Looks like there's a good chance we are about 3 weeks out from the start of the Wednesday night Sundown sessions! I will be there the night of 12/5. Anyone else?


----------



## bvibert (Nov 14, 2007)

I'll try to be there for sure!  Hopefully they'll be open during the week at that point.


----------



## MRGisevil (Nov 14, 2007)

Yup. If it's open count me in!


----------



## Grassi21 (Nov 14, 2007)

Ummm..... I don't know..... maybe if.......

IN!


----------



## loafer89 (Nov 14, 2007)

I'm thinking about it, though it will be without Warren.


----------



## Yooper (Nov 14, 2007)

I have a meeting tomorrow night (Thurs 15th) at Sundown with Management, will post the lastest on what their opening intentions are. I plan on being there the first Wed they are open.


----------



## Grassi21 (Nov 14, 2007)

Yooper said:


> I have a meeting tomorrow night (Thurs 15th) at Sundown with Management, will post the lastest on what their opening intentions are. I plan on being there the first Wed they are open.



Sweet.  Thanks for the update.

How was your daughter's knee feeling after Mt. Snow?  I think you said it was her first day back on skis.


----------



## severine (Nov 14, 2007)

If I'm not working and I can convince someone to watch the kids, I'm there!


----------



## Greg (Nov 14, 2007)

Yooper said:


> I have a meeting tomorrow night (Thurs 15th) at Sundown with Management, will post the lastest on what their opening intentions are. I plan on being there the first Wed they are open.



Great! I heard they always hope for the Friday after Thanksgiving and that this year is no different. I'd love to get in on 11/28 too. I'll likely be there on opening weekend regardless of whether it's 11/23 or 12/1. The forecast starting Friday night looks good:

http://www.srh.noaa.gov/zipcity.php?inputstring=06057

Accuweather 15-day looks great too:

http://www.accuweather.com/forecast...ox&traveler=1&zipChg=1&zipcode=06057&metric=0

November CT turns? That would be sweet!


----------



## severine (Nov 14, 2007)

Last I heard, they were definitely aiming for next Friday.  Brian is on alert for work... Training is this Saturday.


----------



## powhunter (Nov 14, 2007)

bring it on!!!!


----------



## Greg (Nov 15, 2007)

Two updates from Chris Sullivan this morning:



> We plan to make snow overnight Friday, Saturday?, Sunday, Monday. I do not think it will be enough to get open, but it will be a good head start. It looks like a short warm up next week and then cold again next weekend. If that holds true we will open on the 30th.





> I have to get Tom's Treat open prior to bumping up Nor'Easter. I will get it bumped up as I can, *It is a high priority to me*.
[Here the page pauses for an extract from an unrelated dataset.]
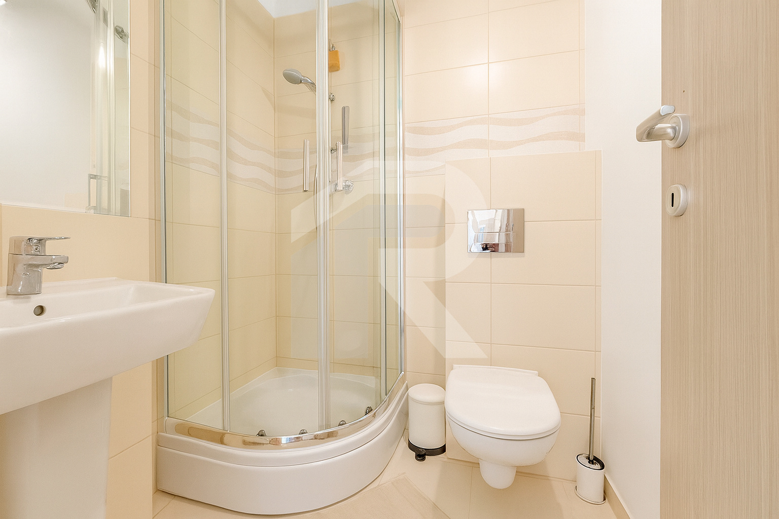 • 2 băi: una cu cadă și fereastră pentru aerisire naturală, una cu duș

Sweet!!! I never thought I'd be rooting for Tom's Treat to open early as much as I am now!

*THINK COLD!!!*


----------



## bvibert (Nov 15, 2007)

Greg said:


> Two updates from Chris Sullivan this morning:
> 
> 
> 
> ...



  I might have to bring my boards when I'm there Saturday for training...


----------



## Paul (Nov 15, 2007)

Might be a good warm-up for the knee-bone...


----------



## Grassi21 (Nov 15, 2007)

Paul said:


> Might be a good warm-up for the knee-bone...
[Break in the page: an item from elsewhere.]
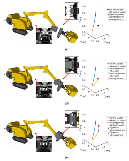 At 40.2 s, the process of attachment changing was completed. The end device of the robot and the attachment conducted the hydraulic oil line and locked up through the hydraulic quick-hitch joint. At this time, the end device of the robot and the attachment were firmly connected, and {W} and {T} were always aligned. During the fifth stage, the end device and the attachment were controlled to rotate counter-clockwise around joint {3}. Figure 9f shows the experimental data in the fifth stage at 52 s, where the position coordinates of {W} were (2.894, 0, 1.336), the position coordinates with the error compensation of {T} were (2.895, 0, 1.338), and the position coordinates of {T} without the error compensation were (2.909, −0.001, 1.302). In Figure 9f, the green curve on the right is the motion track of {W} in the fifth stage.

That's what I want to hear.  :beer:


----------



## Greg (Nov 15, 2007)

Paul said:


> Might be a good warm-up for the knee-bone...



Nice! How you feelin'?


----------



## Paul (Nov 15, 2007)

Grassi21 said:


> That's what I want to hear.  :beer:





Greg said:


> Nice! How you feelin'?



Thanks for the encouragement!

The knee feels like its around 80-ish % Definitely wearing a brace, and avoiding anything too dramatic for awhile. Tom's "Treat" is most likely about my speed. If I can get clearance from Momma, I'll try to head-on-up. There's no way I'm going to shell-out the bucks for a full-day until I know how this thing is going to go.


----------



## bvibert (Nov 15, 2007)

Paul said:


> Thanks for the encouragement!
> 
> The knee feels like its around 80-ish % Definitely wearing a brace, and avoiding anything too dramatic for awhile. Tom's "Treat" is most likely about my speed. If I can get clearance from Momma, I'll try to head-on-up. There's no way I'm going to shell-out the bucks for a full-day until I know how this thing is going to go.
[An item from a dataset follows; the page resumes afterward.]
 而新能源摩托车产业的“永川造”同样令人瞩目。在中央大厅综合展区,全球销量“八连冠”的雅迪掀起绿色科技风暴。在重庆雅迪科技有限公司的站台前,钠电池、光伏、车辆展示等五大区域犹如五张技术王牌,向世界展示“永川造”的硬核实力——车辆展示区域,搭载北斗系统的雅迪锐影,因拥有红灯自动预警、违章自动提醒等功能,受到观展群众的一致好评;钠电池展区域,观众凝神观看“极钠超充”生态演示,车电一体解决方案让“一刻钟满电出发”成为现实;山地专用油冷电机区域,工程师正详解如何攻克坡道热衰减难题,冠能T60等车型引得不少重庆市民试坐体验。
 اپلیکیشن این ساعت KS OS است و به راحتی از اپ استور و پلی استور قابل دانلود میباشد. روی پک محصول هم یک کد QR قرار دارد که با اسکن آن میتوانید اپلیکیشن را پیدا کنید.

Keep in mind that Tom's Treat typically isn't open right away.  Usually Canyon, Nor'Easter, Stinger, Exhibition, and Little Joe are the initial offerings.  IIRC Tom's is typically the next to get attention...


----------



## Greg (Nov 15, 2007)

bvibert said:


> Keep in mind that Tom's Treat typically isn't open right away.  Usually Canyon, Nor'Easter, Stinger, Exhibition, and Little Joe are the initial offerings.  IIRC Tom's is typically the next to get attention...



Bite your tongue! They are going to open 100% and have bumps on day one!


----------



## bvibert (Nov 15, 2007)

Greg said:


> Bite your tongue! They are going to open 100% and have bumps on day one!



OK, if you say so... :roll:


:lol:


----------



## Paul (Nov 15, 2007)

bvibert said:


> Keep in mind that Tom's Treat typically isn't open right away.  Usually Canyon, Nor'Easter, Stinger, Exhibition, and Little Joe are the initial offerings.  IIRC Tom's is typically the next to get attention...



Little Joe it is! :lol:


----------



## bvibert (Nov 15, 2007)

Paul said:


> Little Joe it is! :lol:



Recovering knee or not I think you'll be bored with that in 2 runs tops...  You'll be over on Stinger jibbing it up mad steezy style with the park rats in no time...


----------



## Greg (Nov 15, 2007)

I have to imagine Canyon is gentle enough to let you ease back into it, Paul.


----------



## Paul (Nov 15, 2007)

bvibert said:


> Recovering knee or not I think you'll be bored with that in 2 runs tops...  You'll be over on Stinger jibbing it up mad steezy style with the park rats in no time...





Greg said:


> I have to imagine Canyon is gentle enough to let you ease back into it, Paul.



Oh I know... just being snarky. I'll be jibbin' my ...uh..mad steezy...uh...bad...um...yo...werd...


----------



## 2knees (Nov 16, 2007)

bumps, i'm in.  no bumps, i'll take a pass.


more importantly though, its good to hear you're gonna be back skiing Paul.  Good luck with the new knee.


----------



## Grassi21 (Nov 16, 2007)

2knees said:


> bumps, i'm in.  no bumps, i'll take a pass.



shocker.  ;-)  :lol:


----------



## bvibert (Nov 16, 2007)

2knees said:


> bumps, i'm in.  no bumps, i'll take a pass.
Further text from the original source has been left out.